Review ·

Justice is carried out in two ways with punishment or with reward -- and with Waters of Nazareth, Parisians Gaspard Augé and Xavier de Rosnay keep the dichotomy in perfect balance. The two got together in 2003, the buzz first growing around their reworking of Simian's "Never Be Alone," which has since been released and re-released. They've since been going head to head with MSTRKRFT in the battle to decide who can remix more, and meanwhile indie kids are spending the weekends dancing for hours straight in small, sweaty rooms. The style is thick and vibrating, using heavy bass that's distorted so hard it coats the dance floor in heavy metal.

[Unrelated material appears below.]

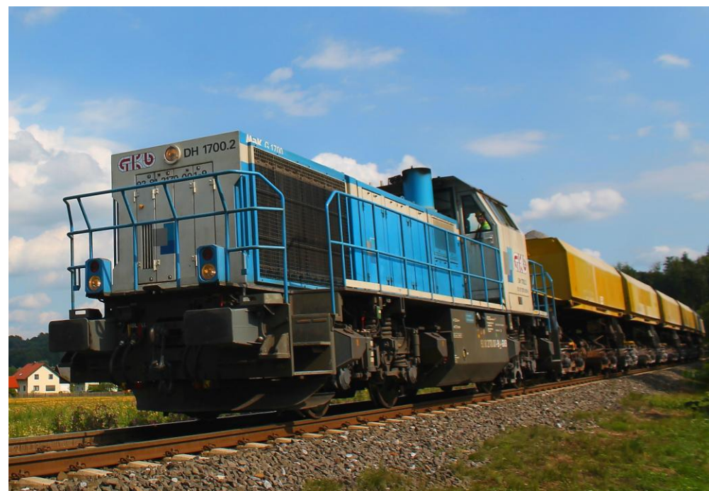
GKB Diesellokomotive DH 1700.2, noch im LTE Farbschema mit GKB Beschriftung

This EP, which includes three versions of the original song "Waters of Nazareth" and two others, was released in support of the group's forthcoming full-length, due out early next year. London-based deejay Erol Alkan brings the track to a whole new level of dance-floor seduction (the other version of "Waters of Nazareth" is another remix by Justice), and the remaining two original tracks bode well. "Carpates" is menacing and rolling in its melody. On top of the galloping electronics and a fast-moving soundscape of eerie, spectral synths, there is no real chorus and no vocals. "Let There Be Light" is not far from the hot tracks on MSTRKRFT's The Looks, but it bears the Justice stamp in that there is a deep funk bass that drives the dance floor. Punishment on the body, reward for the soul: That is Justice.